Data provided =
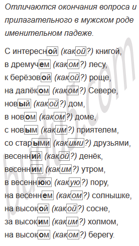 Поставьте вопрос от имени существительного к имени прилагательному в каждом словосочетании. Укажите окончание вопроса и окончание имени прилагательного. В какой падежной форме эти окончания не совпадают?
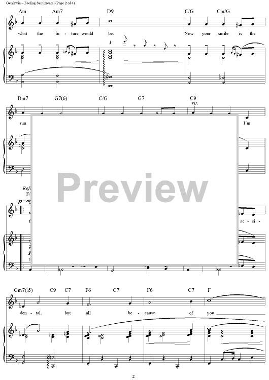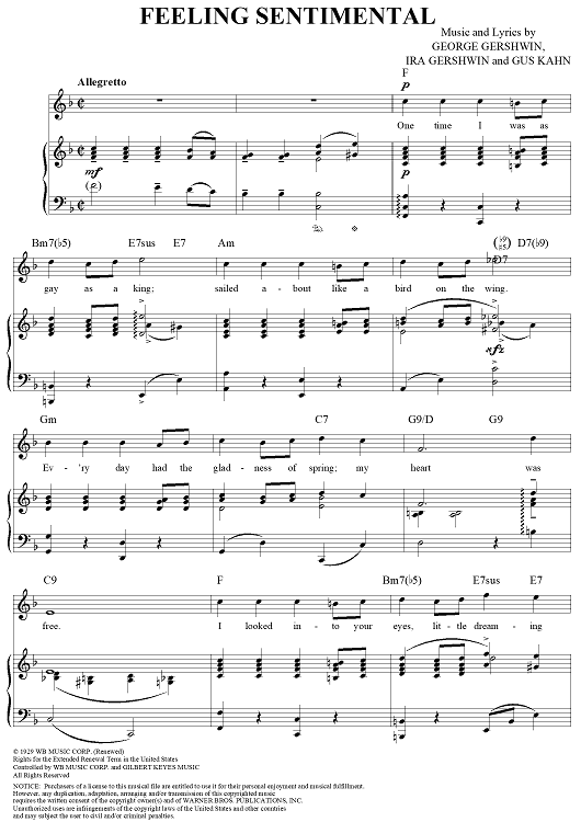 Digital Sheet Music for Feeling Sentimental by George Gershwin, Ira Gershwin, Gus Kahn scored for Piano/Vocal/Chords; id:313386
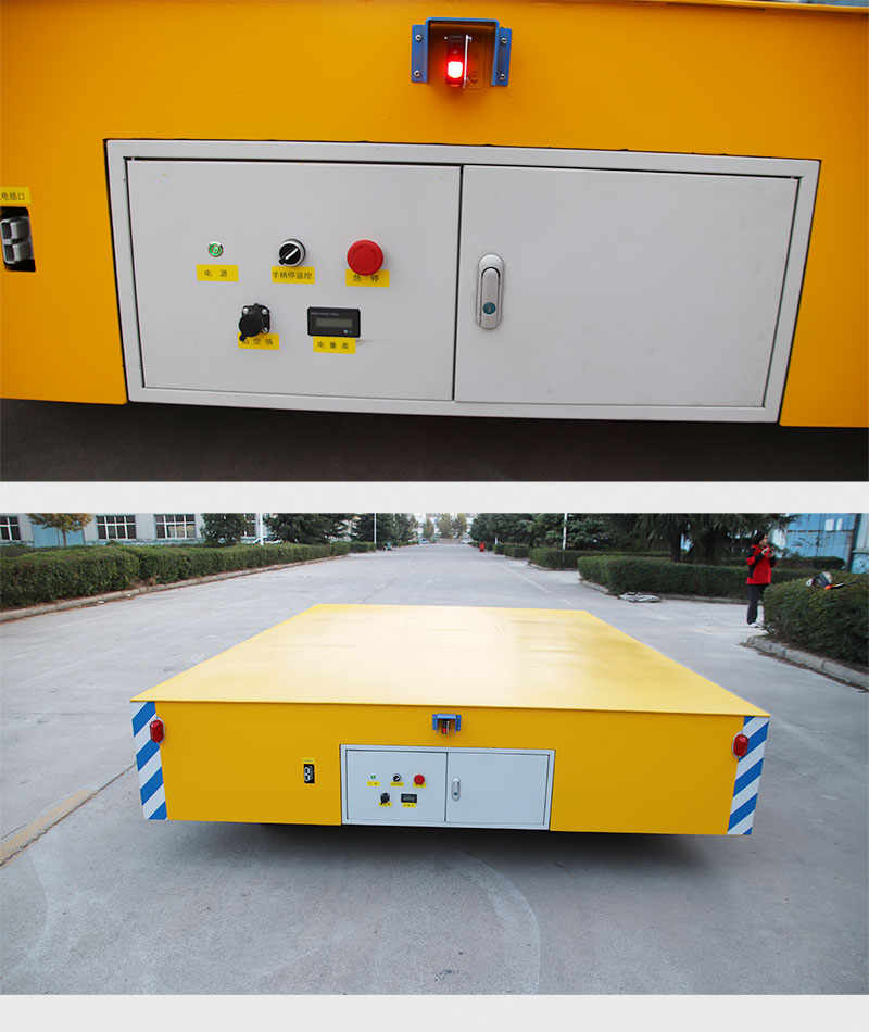 液压转向无轨搬运车,长4米宽2.4米高0.8米额定载重10吨,整车箱梁结构钢板焊接,载重量大不易变形,满载状态下,无轨车运行平稳、性能稳定!采用锂电池供电续航时间长充电时间短,智能充电桩充满自动断电,运行速度按客户要求满载0-35m/min,空载0-40m/min,运行速度可调节,轮系采用聚氨酯包胶轮适应水泥地面运行,液压转向稳定灵活,客户现场有6-8度上坡路段,车辆满载状态下轻松上坡动力强劲,**装置配备光电检测自动避障、声光报警、急停开关、防撞块等**保护,确保平车**往返运输作业!
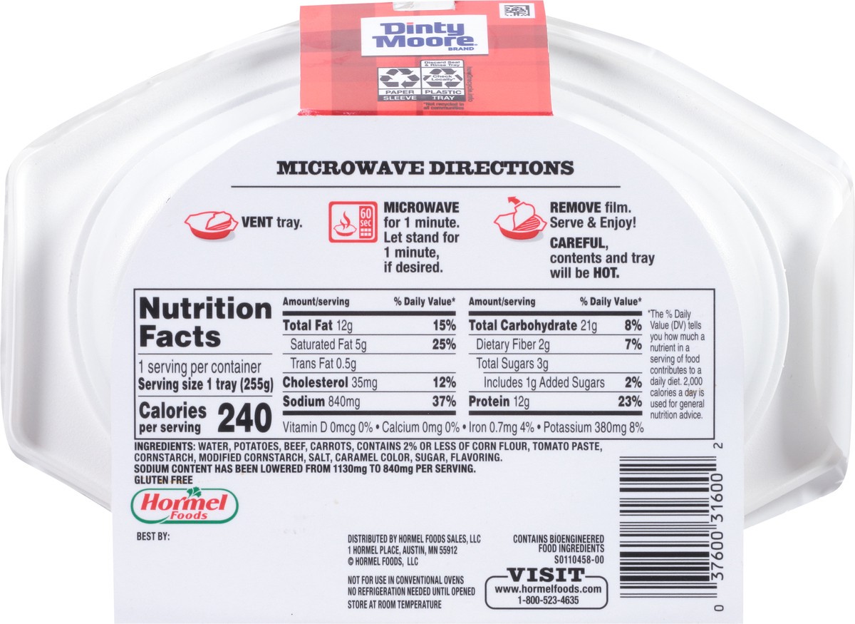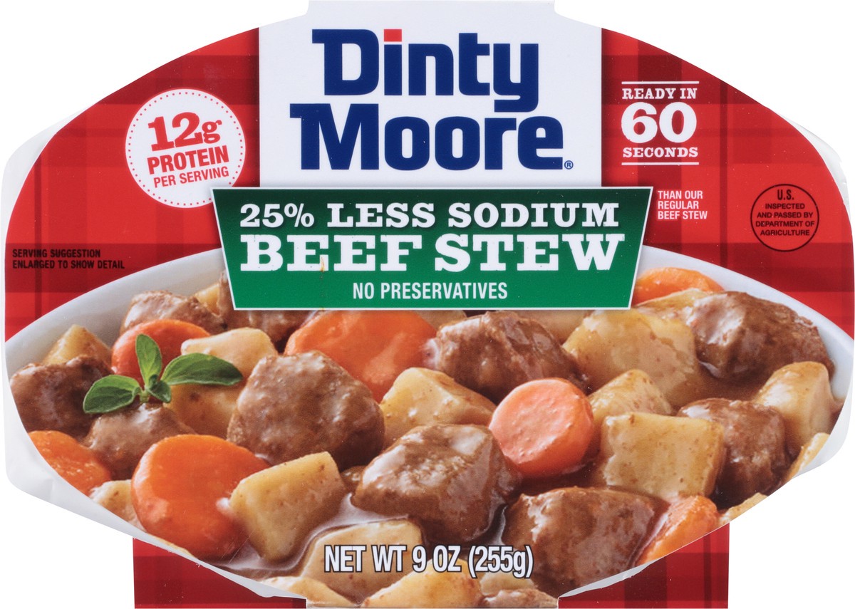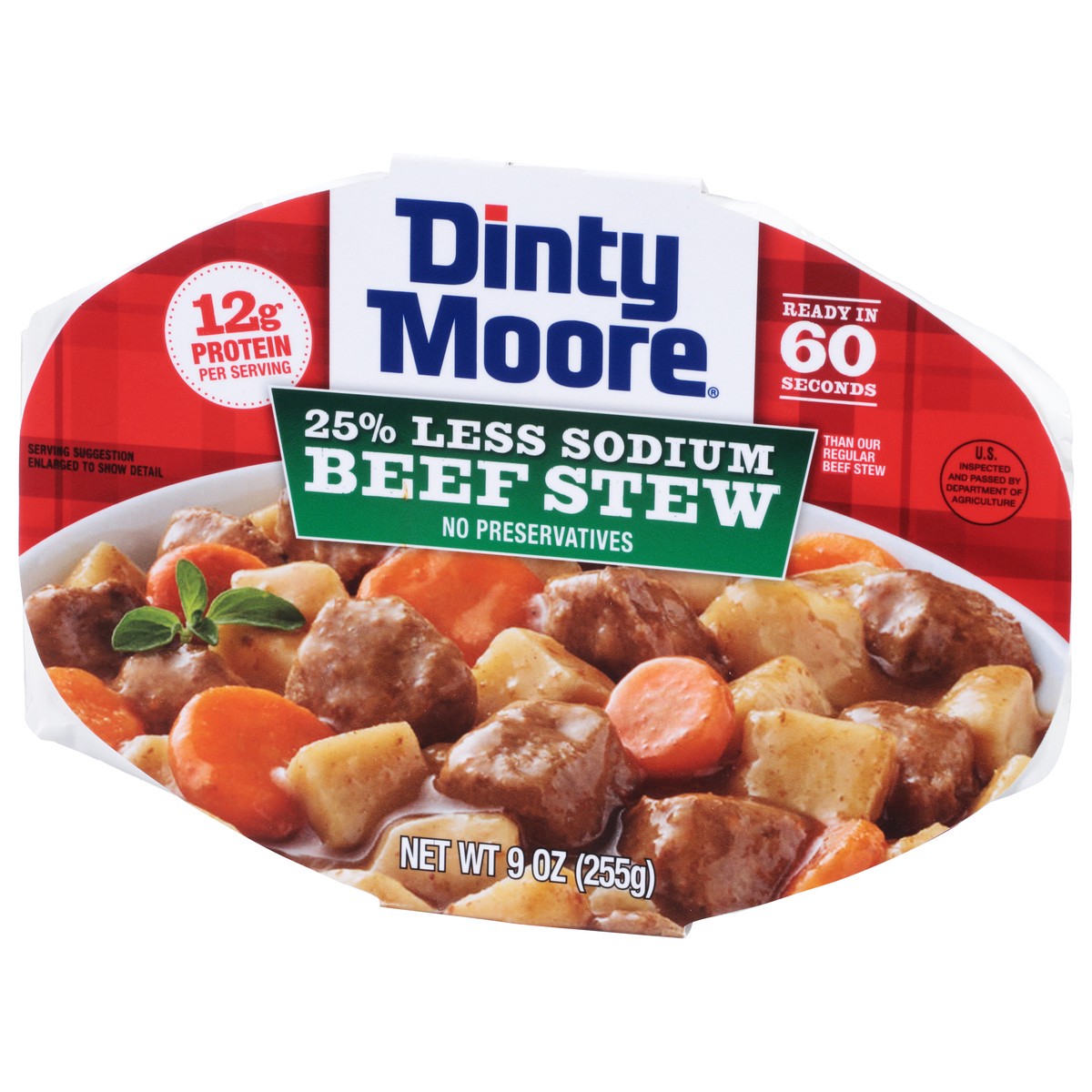 - Includes one 9 oz microwaveable tray of DINTY MOORE Beef Stew 25%Less Sodium* made with real chunks of beef
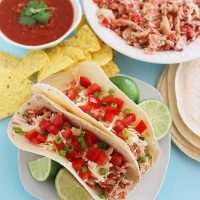 This tangy, scrumptious salsa chicken has been top of our list lately – and I love that it can be used for any number of my favorite Mexican meals. Burritos, quesadillas, nachos, taco salads – you name it!

Exercise details = Start at the first line of the records and write out everything up to and including the line containing "Digital Sheet Music". No pictures.

Answer to this problem =
 Поставьте вопрос от имени существительного к имени прилагательному в каждом словосочетании. Укажите окончание вопроса и окончание имени прилагательного. В какой падежной форме эти окончания не совпадают?
 Digital Sheet Music for Feeling Sentimental by George Gershwin, Ira Gershwin, Gus Kahn scored for Piano/Vocal/Chords; id:313386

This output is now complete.